Countries with jurisdictions that performed at the top of the PISA were China, Singapore, Hong Kong, Taiwan, South Korea, Macao and Japan.
As a father and an active member in academia, I was alarmed by the information and data. I started looking into the question, ‘What may have led our nation to its current state within our educational system, and more importantly what can I do to become part of the solution to this downward trending of our future generation’s competiveness and capabilities?’. As you can imagine there are plenty of articles from various disciplines that all provided views as to underlying root causes. More recent information on this topic shows two primary rationales that tend to stand out. One revolves around the financial investments into the educational system with the premise of more resources translating into better outcomes, and the other around a broader social view within the context of ‘culture’ as a whole.

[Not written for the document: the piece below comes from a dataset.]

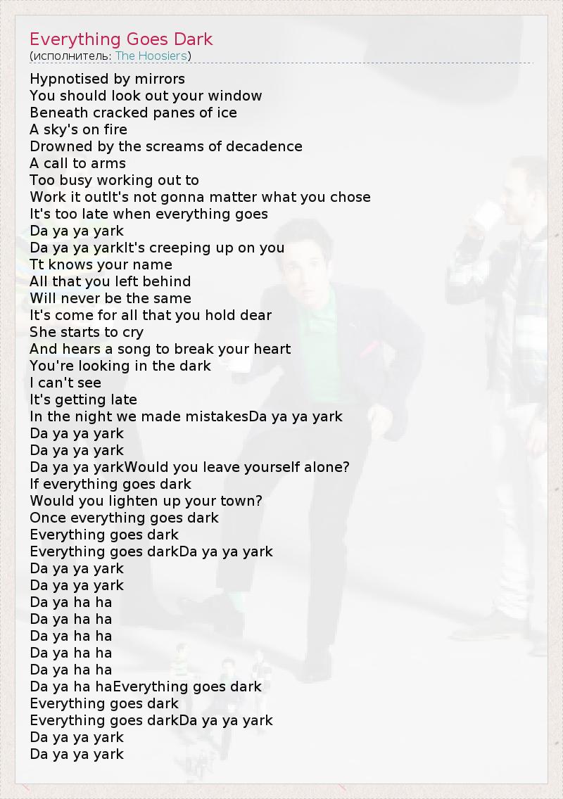 Hypnotised by mirrors You should look out your window Beneath cracked panes of ice A sky's on fire Drowned by the screams of decadence A call to arms Too busy working out to Work it outIt's not gonna matter what you chose It's too late when everything goes Da ya ya yark Da ya ya yarkIt's creeping up on you Tt knows your name All that you left behind Will never be the same It's come for all that you hold dear She starts to cry And hears a song to break your heart You're looking in the dark I can't see It's getting late In the night we made mistakesDa ya ya yark Da ya ya yark Da ya ya yark Da ya ya yarkWould you leave yourself alone? If everything goes dark Would you lighten up your town? Once everything goes dark Everything goes dark Everything goes darkDa ya ya yark Da ya ya yark Da ya ya yark Da ya ha ha Da ya ha ha Da ya ha ha Da ya ha ha Da ya ha ha Da ya ha haEverything goes dark Everything goes dark Everything goes darkDa ya ya yark Da ya ya yark Da ya ya yark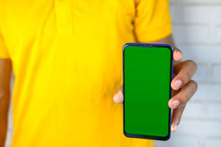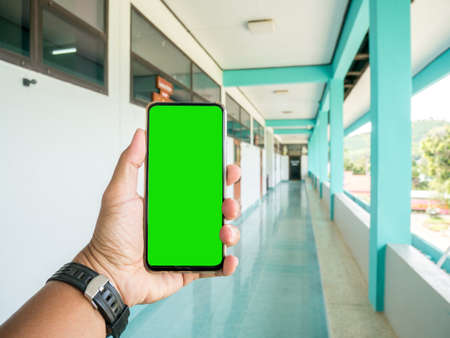 hand of man holding mobile smart phone with chroma key green screen on gren background

The monetary perspective was quickly discounted within the PISA report which stated “While the US spends more per student than most countries, this does not translate into better performance. For example, the Slovak Republic, which spends around USD 53,000 per student, performs at the same level as the United States, which spends over USD 115,000 per student.” A more recent report titled The Learning Curve, released by Pearson Education, also suggested that monetary resources and educational outcomes are not directly correlated when we are analyzing why our students were not able to achieve desired outcomes. This leads to the second perspective, which The Learning Curve report discussed more elaborately, and I believe more strongly that ‘culture’ is both the issue and possibly the solution for the future.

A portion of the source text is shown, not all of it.